Saturday 5 March 2011

The enemy within

Now I have seen it I wonder how I missed it all this time, I mean its nearly six foot high and even with taking into account the uneven surface of Bonsai Mountain and the extensive foliage, the fact that I have walked past this set of earthworks for the last 4 years without sensing they were there is a bit of a worry. This massive bunker complex built by foxes was finally unearthed at dusk yesterday when I was taking the magnificent seven for a leg stretch. Something up on the hill, just past the Wyrde Creature (still standing, Crom Fegg watches us) in a clearing below some rocky crags did not look right. Not the huge mound, that was too easy to spot.

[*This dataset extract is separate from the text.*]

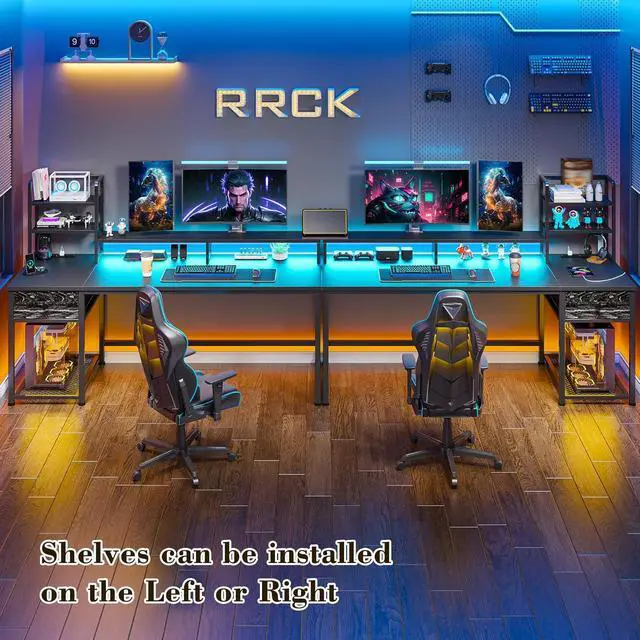 Black Gaming Desk with Shelves - Perfect for Gaming,Streaming,and Home Office

My eye was drawn to this, a dead dog fox. Now when I first saw it I did think it was lay still watching us, but it was very dead. I am baffled by the dog foxes remains, only 24 hours old, maximum, it was intact, so sign of injury so not shot. No sign of fighting around it, no bite marks, no broken bones, ribs intact, the picture of health save for two things( three if you count bereft of life) its jaw was broken and both ears were missing. I called the Berners to my side in case there was some strange mutant Badger, who like King Kong could break the jaws of its enemies. Perhaps Badger Kong wears a necklace of fox ears. It was all very odd, presumably any trophy hunter would have taken the brush, and this young dog fox had a splendid one still on attached. Had it been run over and made it back to the Bonsai Mountain, but how did its jaw break and no other bone if hit by a vehicle, and it was recently, this was a well fed animal. And where were its ears! Unable to solve the puzzle of the dead fox I marvelled at the earthworks.

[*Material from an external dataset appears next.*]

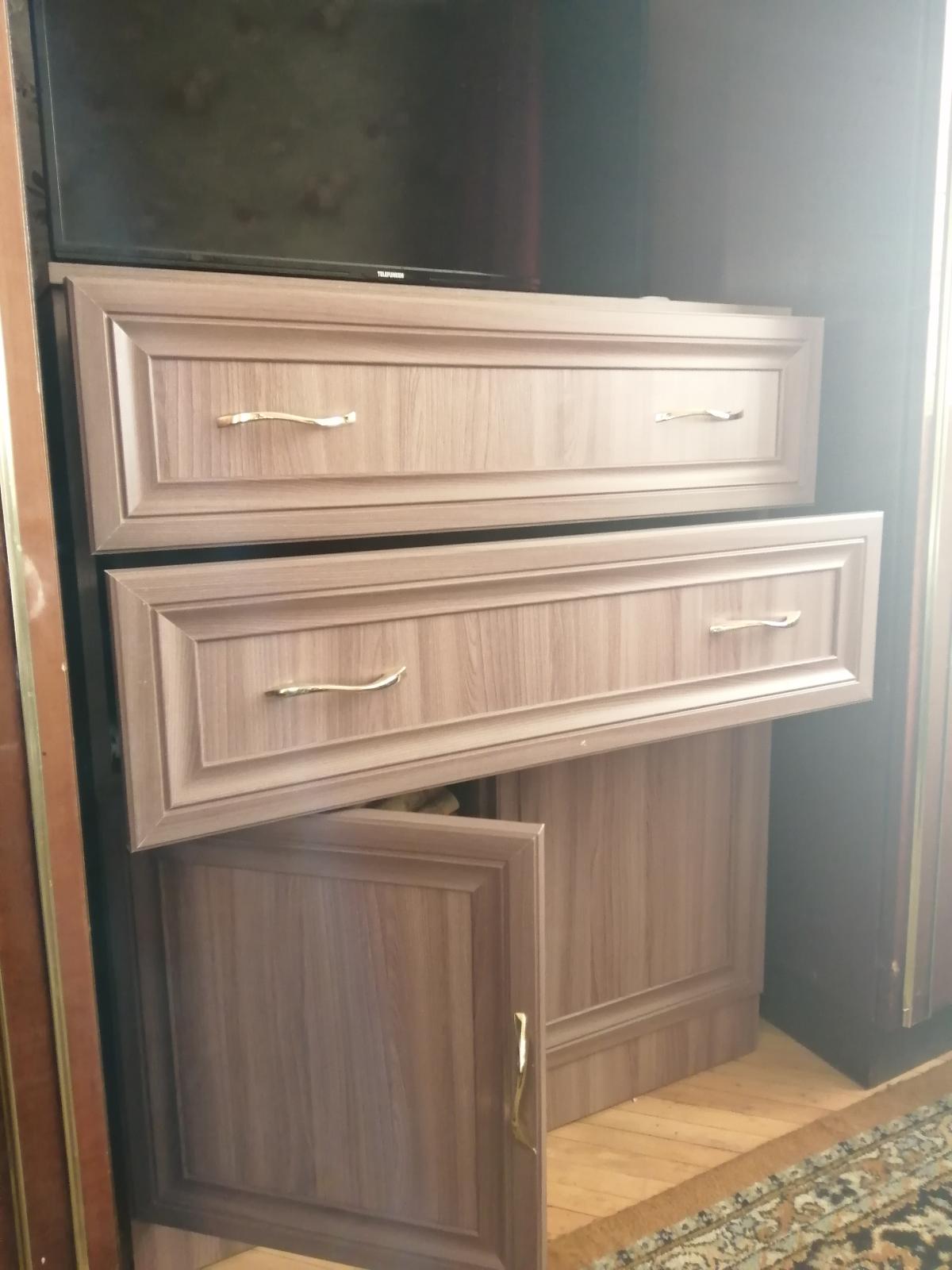 Искали тумбу под тв на кухню. Было много требований: чтобы подошла по размеру в длину и ширину и хотелось конкретную высоту для удобства просмотра тв, чтобы подходила к кухонному гарнитуру, чтобы было много полок для колонок и сабвуфера, а также закрытый шкафчик для всяких инструкций и др.мелочей без ручек. Ничего подобного в готовом виде не нашли, или было слишком дорого. Узнали, что сделать на заказ в нужном размере, цвете и материале - выходит не заоблачная цена. Рискнули заказать и не прогадали. Сработали быстро и качественно. Остались довольны, пользуемся, очень удобно. Пока никаких нареканий к качеству. И даже кот облюбовал себе полочку и прекрасно проводит там время.

A serious amount of the inside of the Bonsai Mountain has been brought to the surface, seven main tunnel entrances are grouped together with a smaller perhaps emergency exit hidden away. Tracks and paths go off at various angles and by following some of them I found the remains of at least some of our hens, geese, turkeys and ducks. Other bigger bones are perhaps lambs. It is most likely that the occupants of these tunnels are the very same that tried to dig up Passion our recently deceased beagle. The final clue that this is fox, not badger, was the discovery of the latrine. A massive area amongst the gorse bushes pitted with shallow scrapes in the ground and carefully filled in with pooh. At key points on the trail the distinctive "scat" droppings warning other foxes that this ground is already taken.

All this is just 50 metres from our perimeter and almost within sight of Stalag 14 the chicken run. In the words of the outraged moral majority "something must be done". We have lost some 200 poultry since living here, it got to the point of us giving up having our own eggs as we could not afford the loses. So something will be done. Now we know where the foxes are living, and where they cross our boundary they will, sooner or later meet my new friend Mr Beretta, a very nice semi automatic three shotgun that arrived at Rock HQ today. It should give me a nice edge in any future encounter.